For WDL questions, see the WDL specification and WDL docs.
For Cromwell questions, see the Cromwell docs and please post any issues on Github.
How much memory does Cromwell need for input or output files?
I am currently running Cromwell in a SLURM environment, where jobs fail if they exceed their requested memory limits. I am encountering workflow problems where my jobs are failing, and I am trying to understand why this is happening.
I have working:
- bcl2fastq on SLURM, with 2 cores, 16 GB memory
- Cromwell with simple worklfow on SLURM, with backend modified from LSF
I am now trying to combine these two working items, but my jobs are failing, at least partially due to insufficient memory and timeout errors. I do not understand when input or output is written to disk or is held in memory, or which process needs this memory (Cromwell process or task process). All I know at present is that when combining bcl2fastq with Cromwell there are failures somewhere, and at least one error message from a child process shows a SLURM out of memory error.
bcl2fastq takes as input a directory, which I am passing to the WDL task as a String.

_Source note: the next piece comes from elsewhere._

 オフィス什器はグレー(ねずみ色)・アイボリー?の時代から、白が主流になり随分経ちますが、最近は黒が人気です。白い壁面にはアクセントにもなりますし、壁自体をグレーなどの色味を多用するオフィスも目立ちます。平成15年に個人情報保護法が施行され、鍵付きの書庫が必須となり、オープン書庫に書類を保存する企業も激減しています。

The child process stderr indicates the input files can be read normally.
The output of bcl2fastq is large when run without Cromwell: 10's of GB. With Cromwell, I see no data output to the execution directory.
How much memory does Cromwell need to handle a WDL task with bcl2fastq? Is this 1x output? 2x output? Does this memory need to be allocated to the SLURM process running Cromwell itself, or to the job running bcl2fastq, or to both? For a task consuming this output, how much memory is required beyond what is needed without Cromwell?

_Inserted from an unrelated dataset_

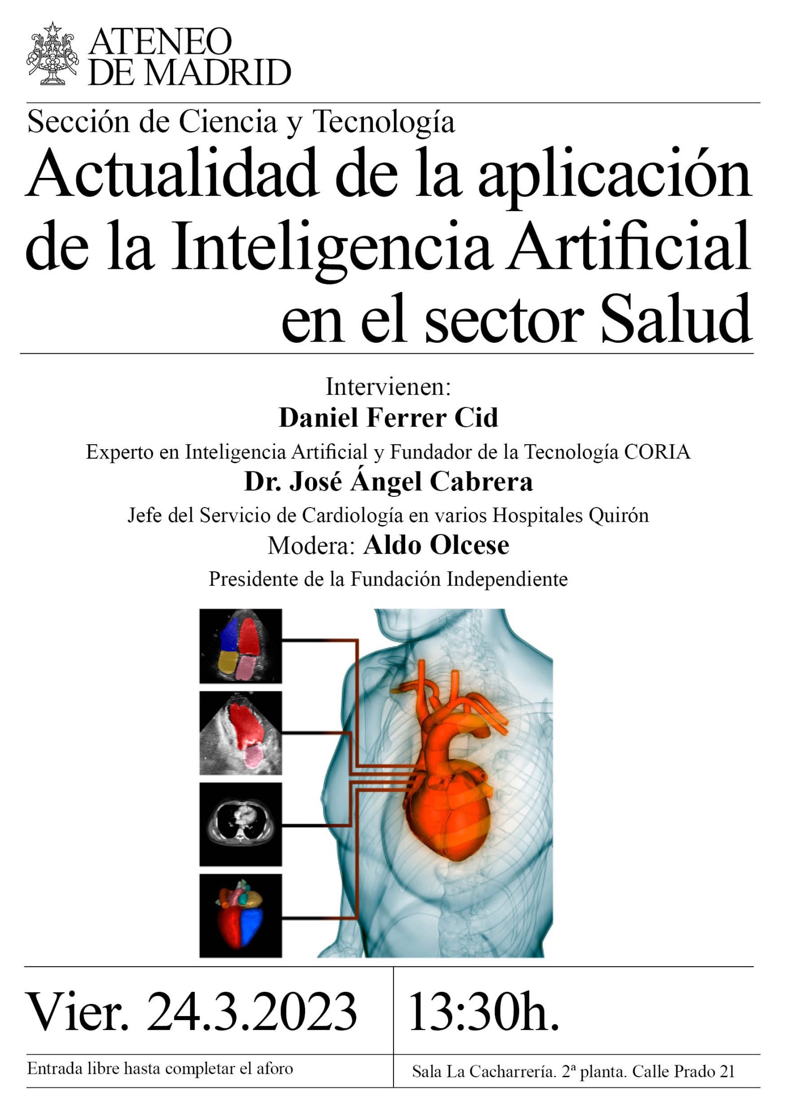 Sección de Ciencia y Tecnología. Intervienen: Daniel Ferrer Cid. Experto en Inteligencia Artificial y Fundador de la Tecnología CORIA. Dr. José Ángel Cabrera. Jefe del Servicio de Cardiología en varios Hospitales Quirón. Aldo Olcese. Presidente de la Fundación Independiente. Sala La Cacharrería. 13:30h.

If I use a MySQL database instead of the in-memory database, how is this memory affected? Is task output data stored in the database, or is this only job metadata?
Although my example here is bcl2fastq, I also have other custom processing that ingests and outputs similarly large data sets, so I am generally looking for guidance on memory usage for Cromwell and its child jobs scaling with input and output data size.